Тогда — в какой-то единственный миг — происходит прорыв. Мысль вдруг блестяща и выпукла, слова хлынут, как лава, чувства организованно и бесстрашно подчинены тебе, ассоциации, их неисчислимая бесконечность, все время требующая динамического выбора, отбора и полного перебора, больше уже не страшит, а — наоборот — вдруг делает тебя трубно вольным, словно венценосного журавля.
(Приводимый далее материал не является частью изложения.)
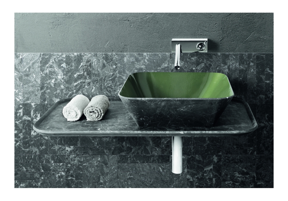 Bowl N° 6 diseñado por Enzo Berti para Kreoo es un lavabo de forma cuadrada con orientación piramidal realizado íntegramente en mármol. Desagüe click clack disponible en acabado oro bronceado, cromo o mármol. Acabado interior también disponible en pan de oro o plata o en la gama de colores RAL.
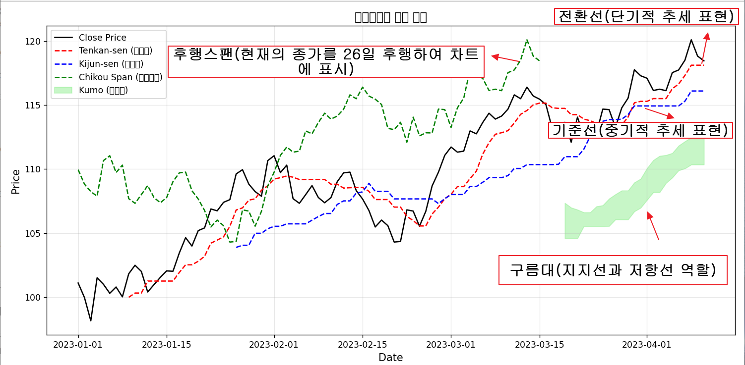 - 일목균형표에서는 구름대(Kumo)를 볼 수 있다.
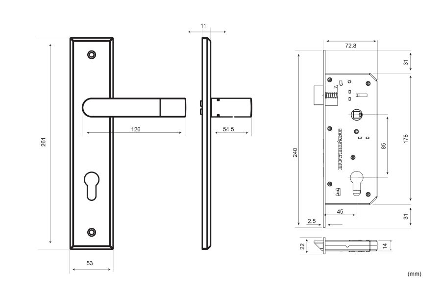 - Thân khóa được sản xuất bằng tôn thép với độ dày 1,5mm được phủ một lớp sơn tĩnh điện.
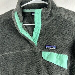 Patagonia Women's Grey Blue Jacket Tool Snap T Fleece Pullover- Size Medium.
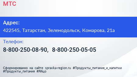 МТС по адресу 422545, Татарстан, Зеленодольск, Комарова, 21а в дальнейшем Организация, размещена в следующих категориях:
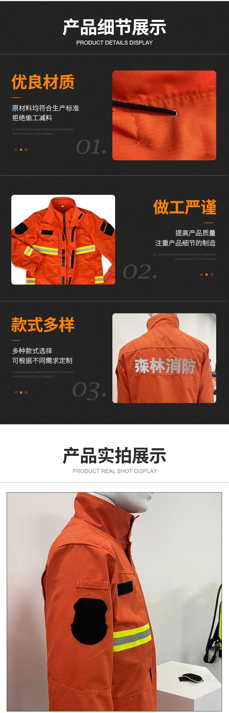 用途 | 本类服装适用于森林火灾抢险救援时救援人员的防护穿着 | ||
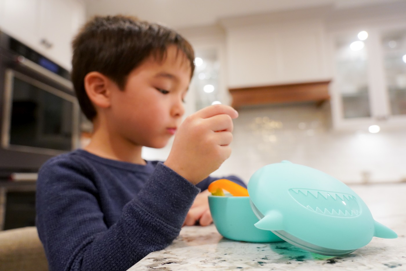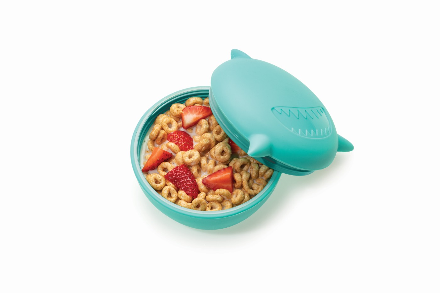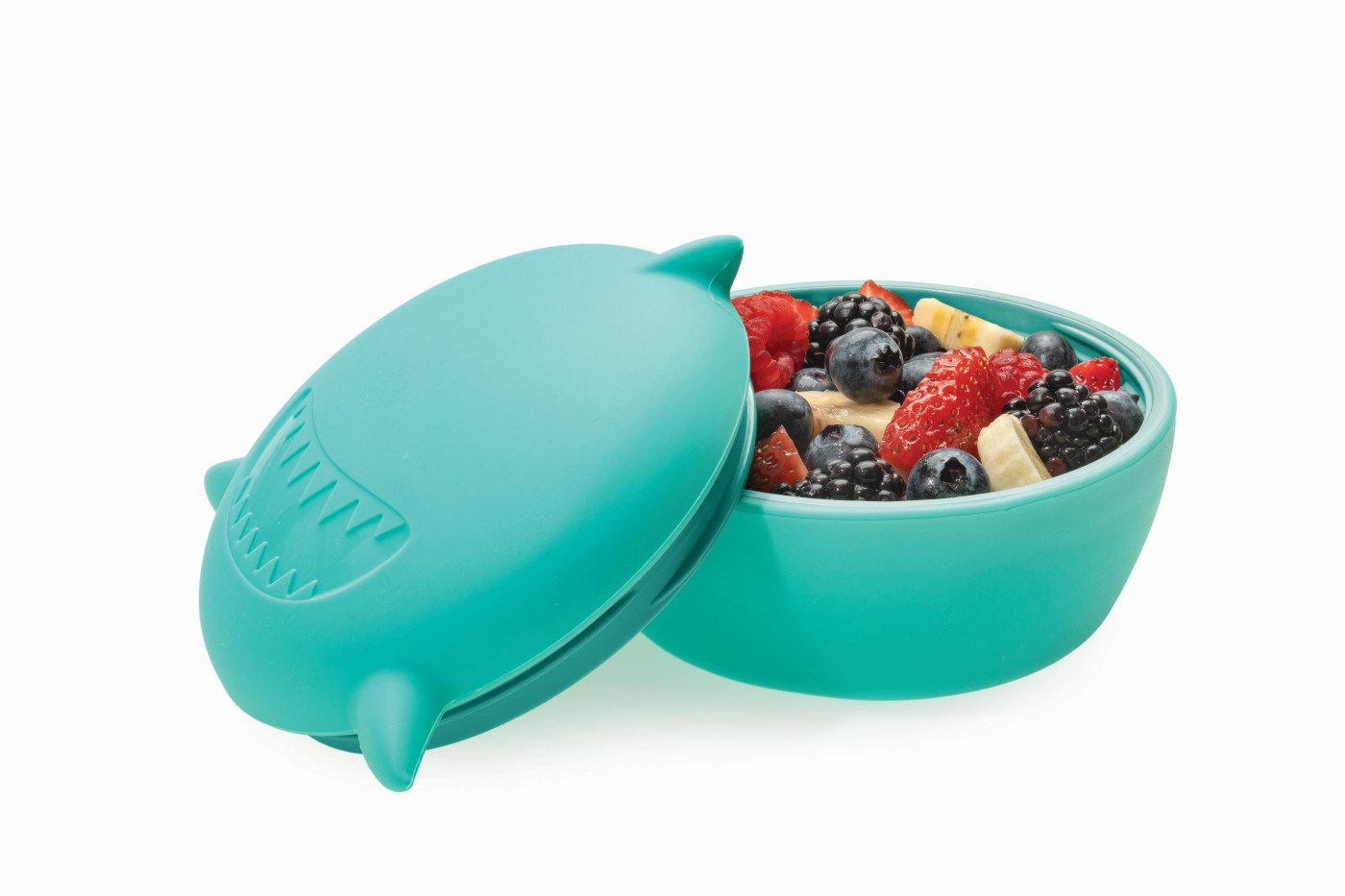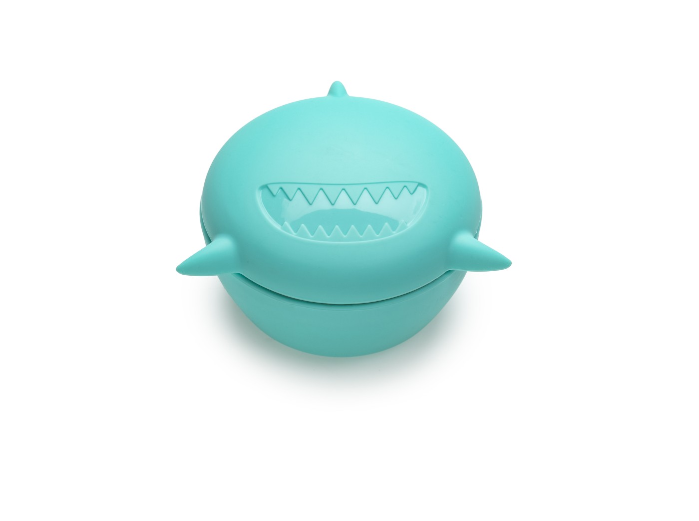 Un bol din silicon în formă de rechin, cu capac etanș și design prietenos – ideal pentru gustări sănătoase și mese distractive pentru cei mici.

Видимо, для художника тут-то и наступает миг минимума энтропии, и миг этот — собственно творческий процесс. И коли состояние это достигнуто и возникло, можно уже не бояться внешних помех, все внешнее идет уже как шумы в теории информации, их легко и без особого напряжения души отсекаешь, отодвигаешь на-потом, запоминаешь периферийным каким-то сознанием, чтобы после — когда вернешься из глубинного своего и главного мига — разобраться. Это состояние, как я понимаю, и есть счастье.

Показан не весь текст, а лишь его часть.